# Certificates expired - including CA



## jontheil (Jun 6, 2016)

Hi list

I have lost the functionality of my mail servers (postfix and dovecot) as well as other servers due to expired certificates. These are all self-signed. Frankly, I have not kept notes of all configurations and methods.
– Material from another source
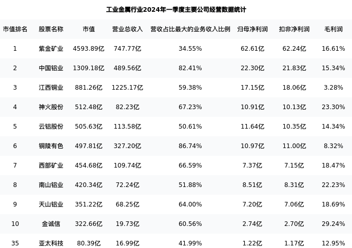 亚太科技最新报告期数据为一季度,下表汇总了工业金属行业内市值靠前的公司一季度主要经营数据
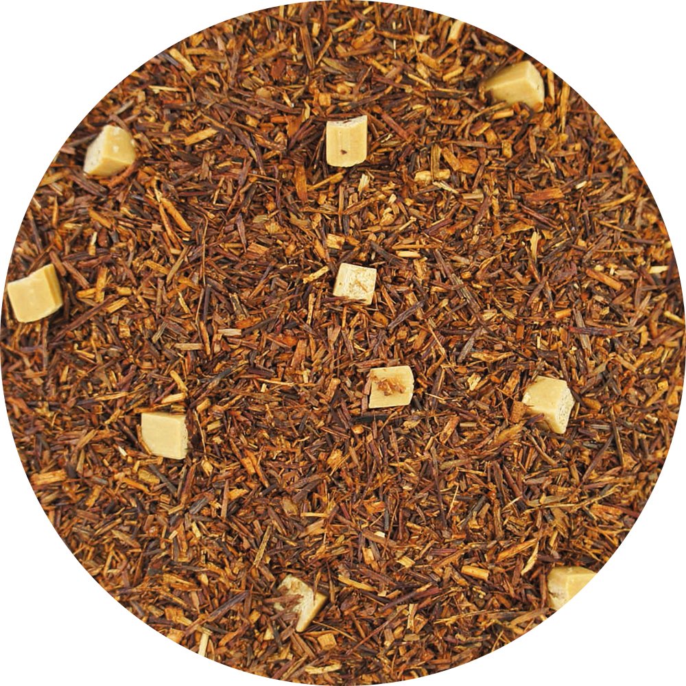 Rotbuschtee (89%), Karamellstücke (8%) (MAGERKONDENSMILCH, Zucker, Glukosesirup, BUTTERFETT, Feuchthaltemittel: Sorbitsirup, Emulgator: Monound Diglyceride von Speisefettsäuren), Aroma.

Though, I know for sure I have used some of the proposed methods at http://www.zytrax.com/tech/survival/ssl.html.
When I check the mail servers certificates with
`openssl x509 -in ca/certs/mailserver.pem -noout -purpose -dates`, I get

```
Certificate purposes:
SSL client : Yes
SSL client CA : No
SSL server : Yes
SSL server CA : No
Netscape SSL server : Yes
Netscape SSL server CA : No
S/MIME signing : Yes
S/MIME signing CA : No
S/MIME encryption : Yes
S/MIME encryption CA : No
CRL signing : Yes
CRL signing CA : No
Any Purpose : Yes
Any Purpose CA : Yes
OCSP helper : Yes
OCSP helper CA : No
Time Stamp signing : No
Time Stamp signing CA : No
notBefore=Feb 10 20:05:02 2013 GMT
notAfter=Jan  5 20:05:02 2016 GMT
```
And for the CA certificate,
`openssl x509 -in ca/cacert.pem -noout -purpose -dates`gives

```
Certificate purposes:
SSL client : Yes
SSL client CA : Yes
SSL server : Yes
SSL server CA : Yes
Netscape SSL server : Yes
Netscape SSL server CA : Yes
S/MIME signing : Yes
S/MIME signing CA : Yes
S/MIME encryption : Yes
S/MIME encryption CA : Yes
CRL signing : Yes
CRL signing CA : Yes
Any Purpose : Yes
Any Purpose CA : Yes
OCSP helper : Yes
OCSP helper CA : Yes
Time Stamp signing : No
Time Stamp signing CA : Yes
notBefore=Mar 24 00:49:52 2012 GMT
notAfter=Mar 24 00:49:52 2015 GMT
```
Of course, I have tried Google, but it is easy for me to figure out how to solve the issues. To begin with, a couple of links to really good howto pages might help. Otherwise some directions/instructions.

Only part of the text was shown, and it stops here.